Bathway Hillside and HillviewHillside and Hillview cottages are near Bathway on the road to Embrough next to Chewton Field House. They are still part of the Waldegrave estate. Hillside is the cottage at the front of this picture, Hillview is to the rear. The road leads to Emborough which is about a mile away. The same road leads to Priddy and Cheddar in the opposite direction.
Hillside CottageThe current cottage may have been rebuilt or modernised in the 1840s but there was something on the site shown in the 1794 map in plot numbered 177. The road  is now called Chapel Hill because a Methodist chapel was built there in the 1860s but the road used to be  called Acridge Lane so the building may have been the house associated with a possible farm called Acridge.
A number of families are known to have lived in the cottages but the most frequent reference is just to Bathway. The location and shape of the building shown in 1794 suggests that it may have been the ‘Rows‘ estate occupied by the Gait family and there is other circumstantial evidence to support this.
The Gaits were linked by marriage to the Board family and both families are mentioned in leases for Rows and Acridge in the 1766 ledgers which recorded the leases agreed by the Waldegraves in the 18th century.
There are frequent references to a Widow Gait or Martha Gait treating sick people and there are at least three prospects for where the Church House or ‘hospital’ may have been in the 18th century. There was a small building near to the church still standing in the Victorian era but there are also records to suggest that there was a priory building at Bathway before Mr Jenkins built his Gothick folly.
The religious associations to the Bathway crossroads go back to pre history as it links sacred sites in Priddy, Cheddar, Bath, Wells and Glastonbury beyond Wells. Bathway is one possibility for the original centre of Chewton Mendip.

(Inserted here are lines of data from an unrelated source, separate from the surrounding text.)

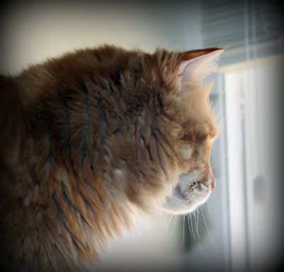 And when we moved a year and a half ago, I had to drug her to get her into the carrier. She was terrified for the first little while, but thankfully, has never ventured outside. She runs away when I open doors, but spends most of her time looking out of windows. I wonder what she’s thinking.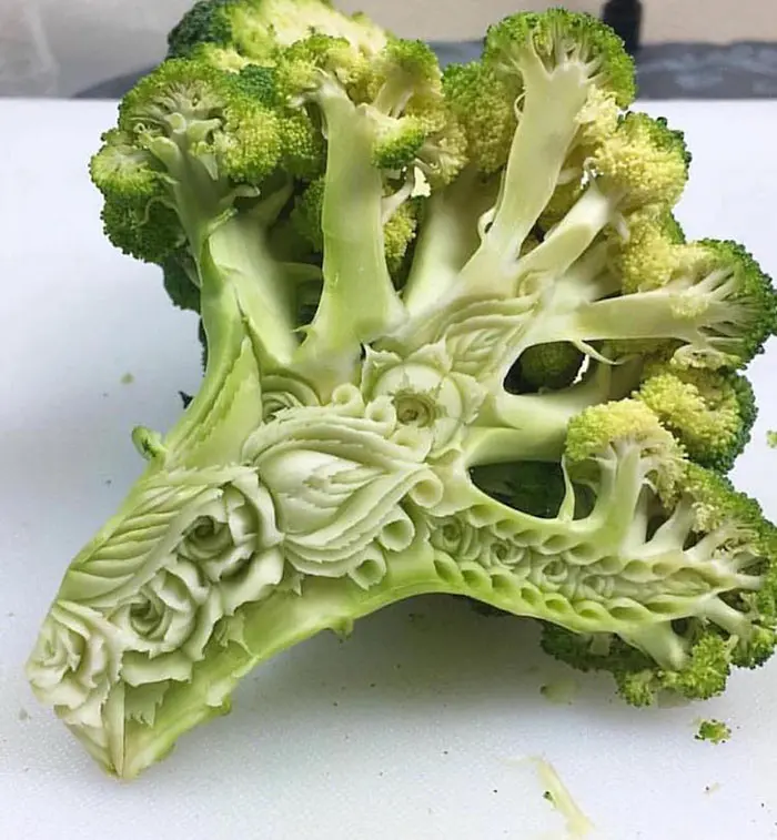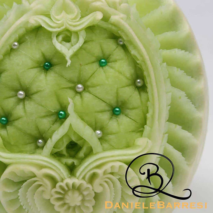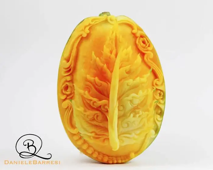 Talented artist Daneile Barresi carves beautiful sculptures. He doesn’t use traditional materials such as wood or stone. Instead, Daneile uses different fruits, vegetables and cheeses for his unique carvings. Despite the different inside textures of his canvases, he has managed to perfect the art of carving things such as; flowers and creatures into them.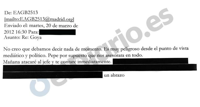 En el correo previo, Íñigo proponía a su cuñada contactar con expertos del Metropolitan Museum Art de Nueva York, donde residía, para que aconsejasen a la familia sobre qué hacer con el Goya. Pero la respuesta de Aguirre es tajante. El silencio es fundamental porque hay un “riesgo mediático y político”. Obviamente, para quien responde el mail: entonces la presidenta de Madrid y una de las políticas más poderosas de España.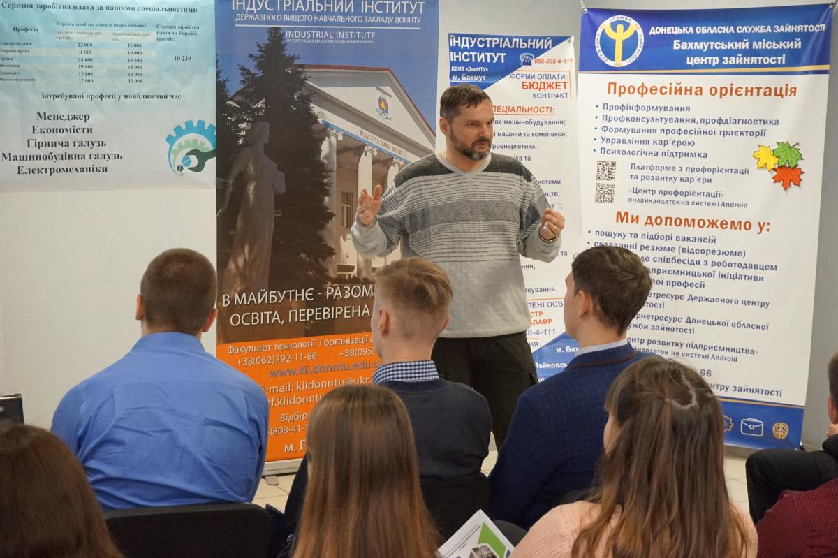 Презентація навчального закладу – одна із форм профорієнтаційної роботи, яка дає можливість старшокласникам визначитися з професією в умовах реального життя, отримати інформацію з першоджерел, поспілкуватися з викладачами та студентами вишу. Саме такий захід відбувся 21 листопада в Бахмутському міському центрі зайнятості. Цього дня випускникам шкіл міста презентували Навчально-науковий індустріальний інститут Донецького національно технічного університету в місті Бахмут.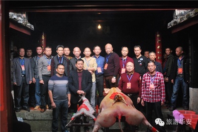 米粿、红酒、水果、供猪琳琅满目,鞭炮声、锣鼓声热闹非凡,在华安高车乡童氏慎德堂挤满前来祭拜的人们。那今天到底是啥日子?原来是慎德堂冬蒸典祭的吉日,在这里,100多名来自台湾、浙江、广东等地的童氏宗亲齐聚高车童氏慎德堂,按照当地风俗,焚香点烛,参拜祖宗,行跪拜大礼,缅怀祖先。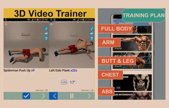 All exercises are accompanied by 3D video animations (It is easy to understand). The fitness app gives you workouts for all of your main muscle groups every day.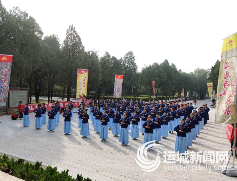 国庆期间,芮城县第一职业学校学生在永乐宫景区为游客展示传统文化表演。李宏伟 摄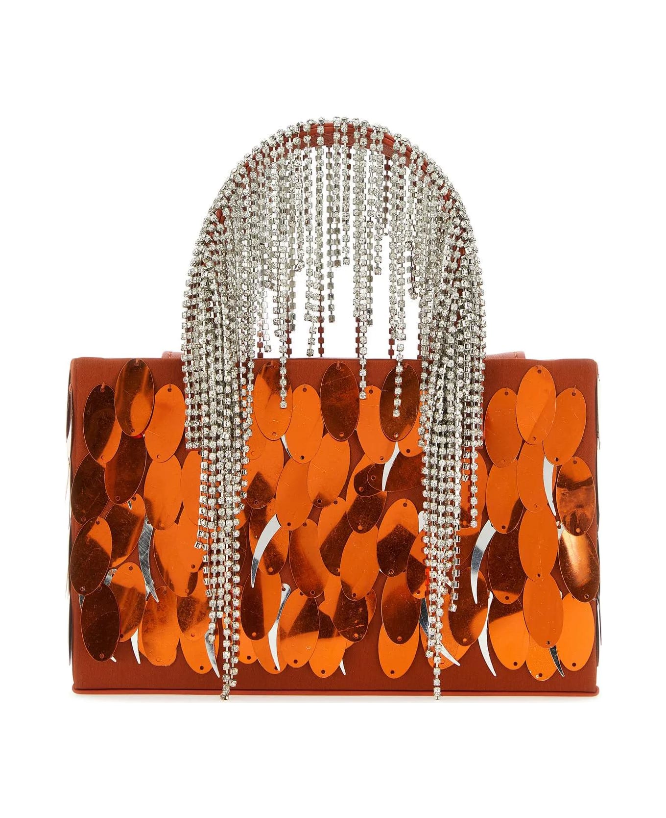 Handbag realized in fabric entirely covered by maxi sequins characterized by two jewel handles.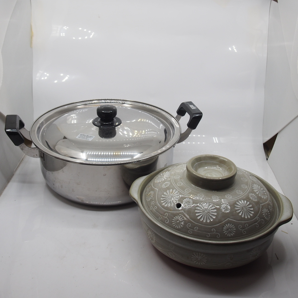 径25cm 土鍋 径30cm ステンレス鍋 2点まとめ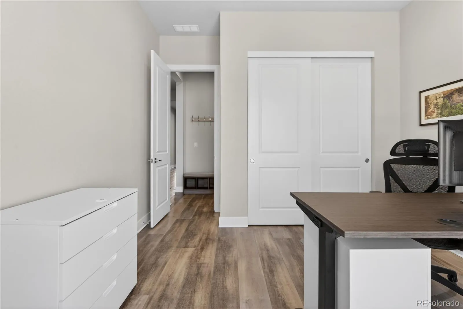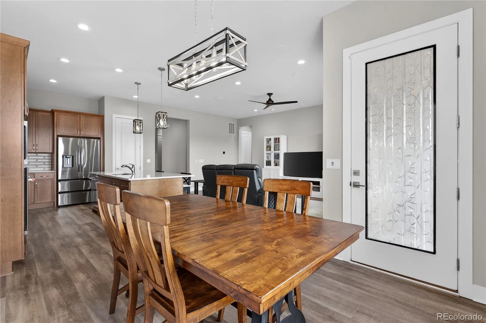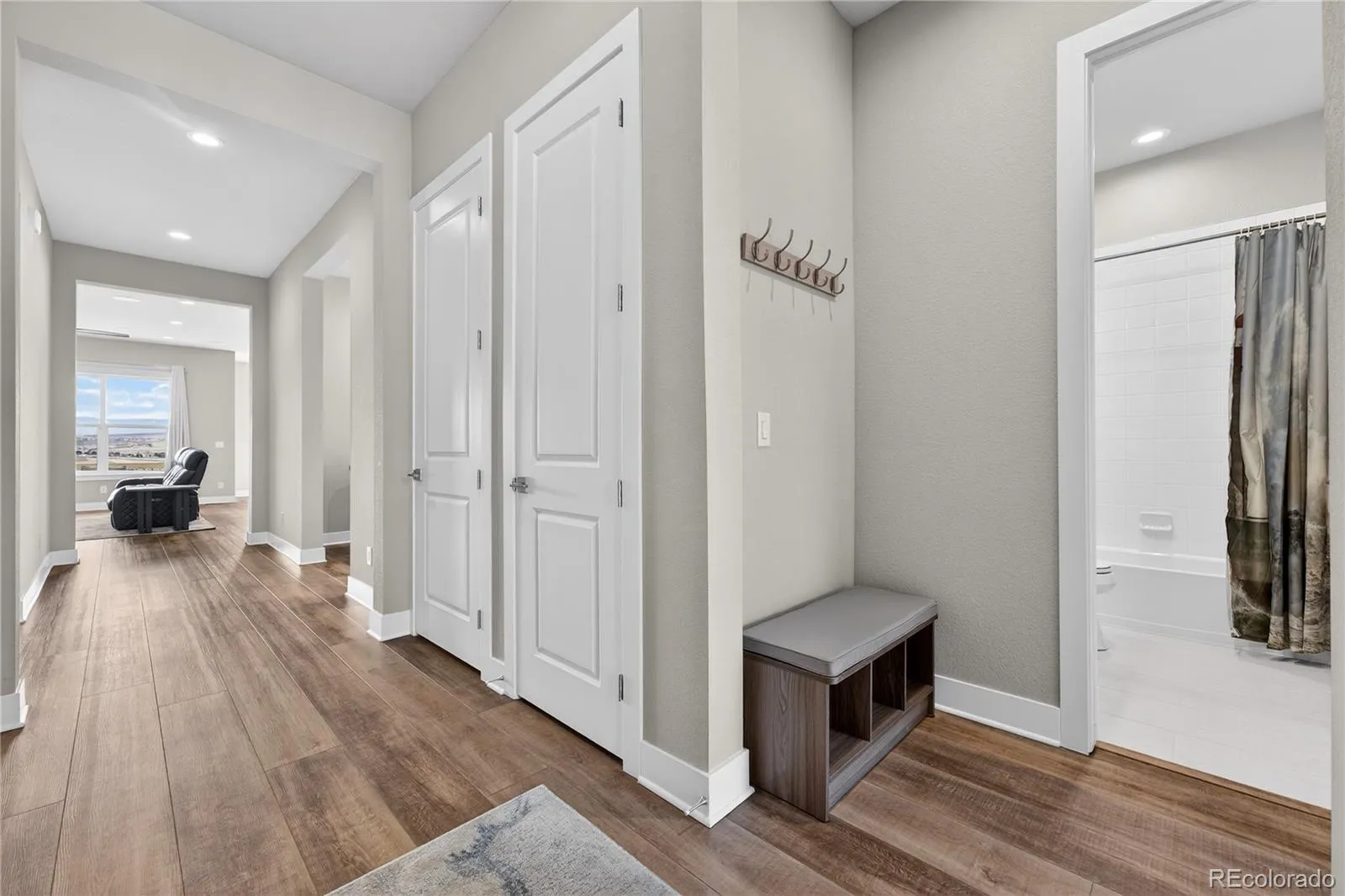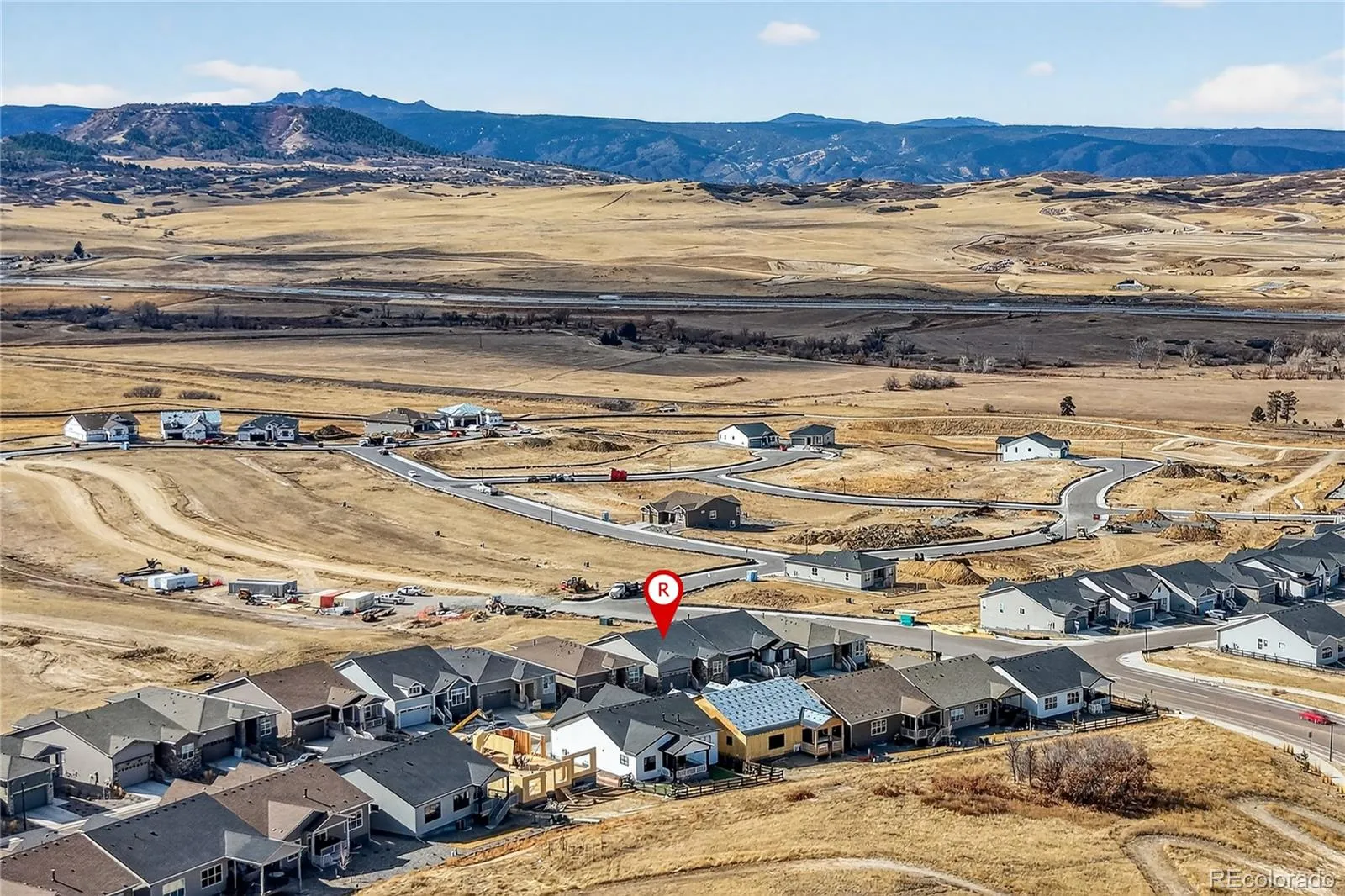 Set on a premium lot backing to open space, this brand-new ranch home offers breathtaking scenery in Castle Rock’s premier 55+ active-adult resort-style community. From the moment you arrive, you’ll notice the thoughtful design and high-end finishes that define this exceptional home. Step inside to a light-filled interior where 10-foot ceilings, 8-foot doorways, and expansive windows create an airy, elevated feel, while stunning mountain views greet you upon entry and set the tone for a home designed to celebrate Colorado’s natural beauty. The open-concept layout features premium luxury vinyl plank flooring, built-in speakers with surround sound, and a seamless flow between spaces. The heart of the home is the sleek, modern kitchen, complete with stainless steel appliances, a gas cooktop with range hood, quartz countertops complemented by a cohesive backsplash, warm cabinetry with crown molding, and a spacious island. The living room invites you to relax while taking in the open space and mountain views, and the adjacent formal dining area provides an elegant setting for gatherings and special occasions. Tucked away for privacy, the primary suite is a peaceful retreat with serene views, dual walk-in closets, and a luxurious ensuite bath featuring dual sinks and a frameless glass shower. An additional bedroom and full bathroom near the front of the home offer comfort for guests, while a versatile bonus room provides flexible space for a home office, additional dining, or a cozy sitting room. Completing the home is a convenient mudroom with built-ins just off the attached two-car garage. Experience the vibrant lifestyle of Montaine, where life is meant to be lived with miles of trails, rolling terrain, star-filled skies, and resort-style amenities designed for connection, wellness, and recreation.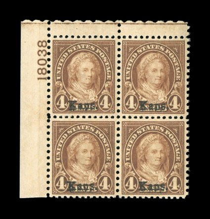 974 ogPB 662 image#662, 4c "Kans." ovpt., top left corner margin plate no. 18038 block of four, uncharacteristically well centered throughout, rich luxuriant color, o.g., faintest trace of hinging (if at all) on top pair, extremely fine; 2005 PF certificate; ex-Fogelson. (Image) $200.00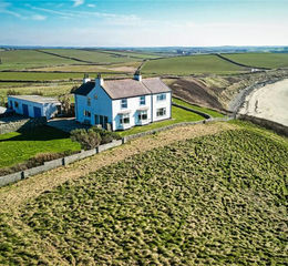 A recently modernised house occupying a spectacular location surrounded by its own land, having panoramic coastal views and private access onto the beach.

The Folly House is another place where it is known that sick people were cared for and The Folly is only a short walk away but also fits the description of Rows but a lease  from the 1766 ledger states that Rows was in Bathway.
 Lewis Theiry is recorded as paying rates for Acridge but he may have never lived in the village but Elizabeth Barrell or Bazzell took over the lease for Rows from the Gaits. She was probably a widow so she may have also taken on the caring duties. There may have been a religious link, Lewis Thiery was descended from Huguenots immigrants and other people with Huguenot names were associated with him.
What is probably the current building is shown  in the 1840 map when the cottages were occupied by Phillip Clavey.
Hillside cottage was occupied by Bessie Speed in living memory. A Mrs Thomas lived in Hill View and was annoyed that one of the bedrooms of Hill View had been incorporated into Hillisde. It is believed that one of the Waldegrave’s butlers had lived in Hillside previously and he had the house enlarged.